CEO pay growth reverts to historical norms

Median CEO pay climbed at many S&P 500 companies for the 2023 to 2024 filing period, indicating a return to historical norms in the growth of this compensation, according to early findings from ISS-Corporate, a provider of compensation, governance, cyber risk monitoring and sustainability offerings.

On April 30, ISS-Corporate shared early findings that the median CEO compensation at 343 of those large capital companies at which the CEO was in the same role for the current and previous filing years hit $15.7 million for the 2023 to 2024 filing period. This represents a 9.2% rise for that most recent period, which is above the 3.1% rise observed for the 2022 to 2023 period and on par with the 13.2% increase from the 2021 to 2022 filing period. Together, the data suggests a return to historical norms with regard to CEO pay growth, according to ISS-Corporate.

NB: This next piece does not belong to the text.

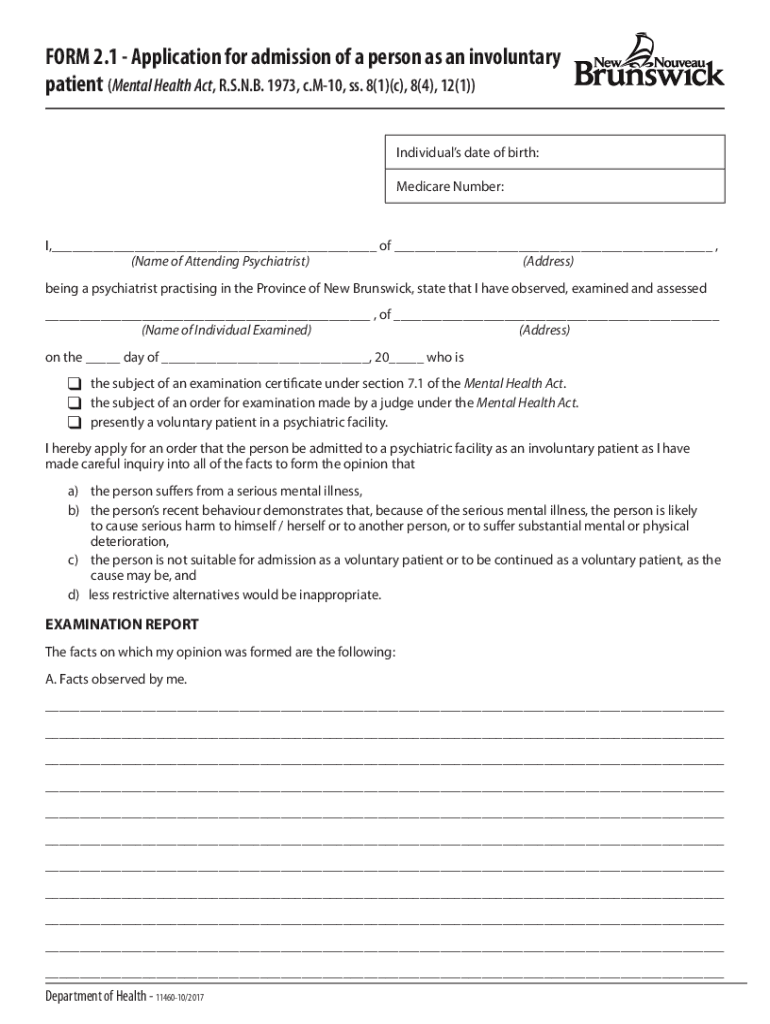 FORM 2.1 Application for admission of a person as an involuntary patient (Mental Health Act, R.S.N.B. 1973, c. M10, SS. 8(1)(c), 8(4), 12(1)) Individuals date of birth: Medicare Number:I, ___ of ___,

Roughly 70% of CEOs in the analysis received bigger pay packages for the 2023 to 2024 filing period than the prior filing period; approximately 27% of CEOs saw smaller payouts. 

The pay lifts are attributed in large part to a healthy stock market, with the S&P 500 index cinching a 24% gain for 2023. Among the companies that increased pay for their CEOs, the median change was 17.3%, while pay decreased by a median of 7.5% among companies that decreased pay for their CEOs. 

CEO pay changes were largely driven by rises in the value of stock and option awards, and the largest changes in pay occurred in industries including consumer services and transportation, according to ISS-Corporate. 

"Large company disclosures so far suggest a return to historical norms for U.S. CEO pay growth with the slower rate of growth evidenced last year likely looking to be an aberration," Roy Saliba, managing director at ISS-Corporate, said in an April 30 news release. "The stock market continued to show resilience and exceeded most expectations during the same period as evidenced by the strong performance of many companies even when faced with higher interest rates and tighter monetary policy, potentially allaying pay and performance alignment concerns as CEO pay continues to rise."